TIAA: A Toolkit for Intrusion Alert Analysis

Abstract

Intrusion Detection has been studied for about twenty years. Intrusion Detection Systems (IDSs) are usually considered to be the second line of defense to protect against malicious activities along with the prevention-based security mechanisms such as authentication and access control. However, traditional IDSs have two major limitations. First, they usually focus on low-level attacks or anomalies, and raise alerts independently, although there may be logical connections between them. Second, in a typical environment there are a lot of false alerts reported by traditional IDSs, which are mixed with true alerts. Thus, the intrusion analysts or the system administrators are often overwhelmed by the volume of alerts.

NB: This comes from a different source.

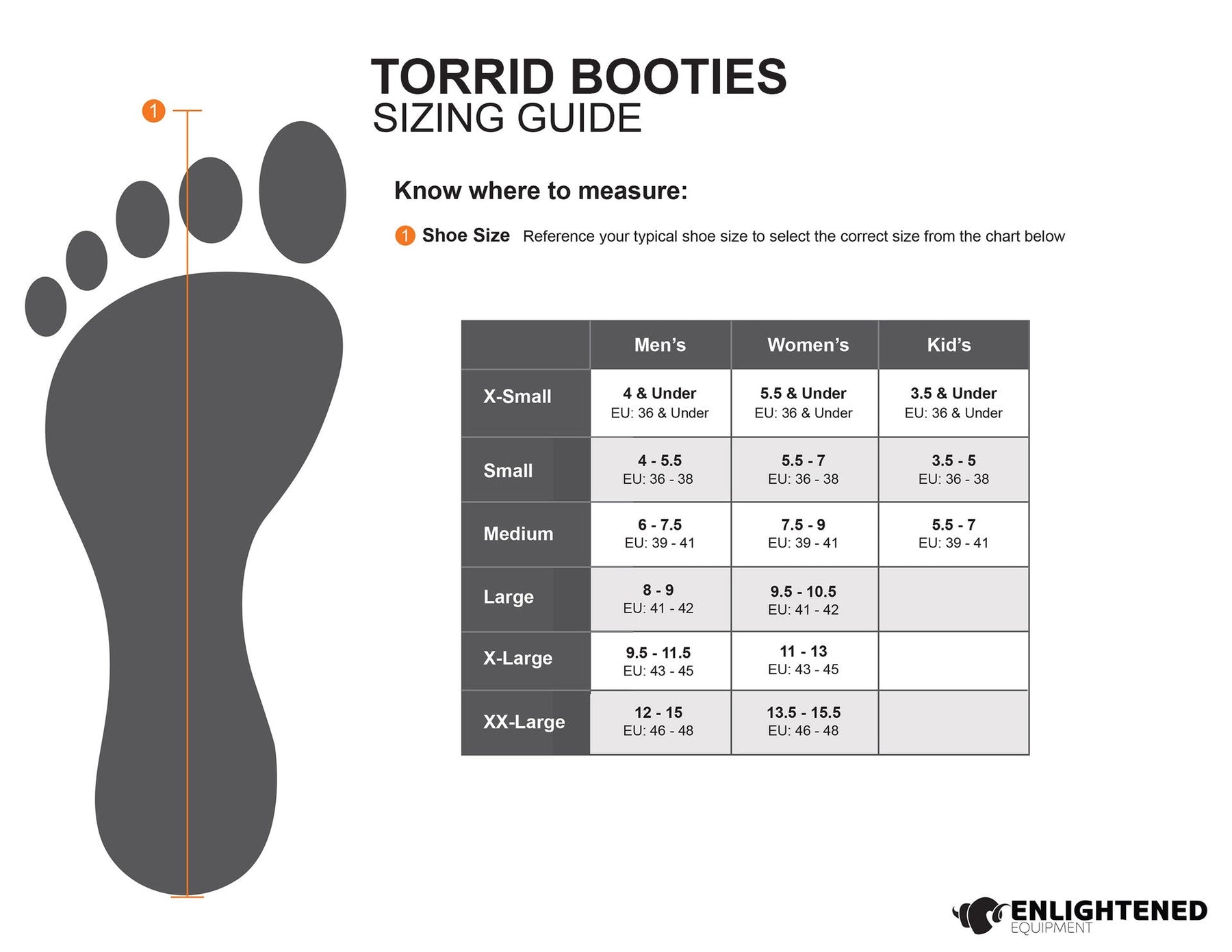 The ankle closure features a thin shock cord and cordlock to secure the Torrid Booties on your feet. When you’re not using them, the Torrid Booties pack down small to fit just about anywhere in your pack. Like any sock, Torrid Booties aren’t meant for walking around outside your shelter.

To address the aforementioned problems and thus to improve the usability of the current IDSs, the Toolkit for Intrusion Alert Analysis (TIAA) [17] is developed. The primary goal of TIAA is to provide system support for interactive analysis of intrusion alerts reported by traditional IDSs. TIAA is based on the alert correlation techniques previously developed in [16] and [15]. In addition, several new utilities are developed to facilitate the analysis of potentially large sets of intrusion alerts. More specifically, these new utilities include alert aggregation/disaggregation, clustering analysis, frequency analysis, link analysis, and association analysis. Finally, TIAA includes two additional visual representations of analysis results besides the hyper-alert correlation graphs proposed in [16], making it easier for a human analyst to understand the analysis results. It is envisaged that a human analyst and TIAA form a man-machine team, with TIAA performing automated tasks such as intrusion alert correlation and execution of analysis utilities, and the human analyst deciding what sets of alerts to analyze and how the analysis utilities are applied.

This thesis presents the implementation of TIAA, including several analysis utilities, an improved alert collection system, and an integrated analysis environment with a user-friendly graphical user interface (GUI). This thesis also reports several experiments that evaluate the TIAA system using DARPA 2000 datasets and Cyber Panel Grand Challenge Problem datasets. The experimental results show that the TIAA system can greatly improve the analysis of intrusion alerts, and can cooperate with general underlying IDSs.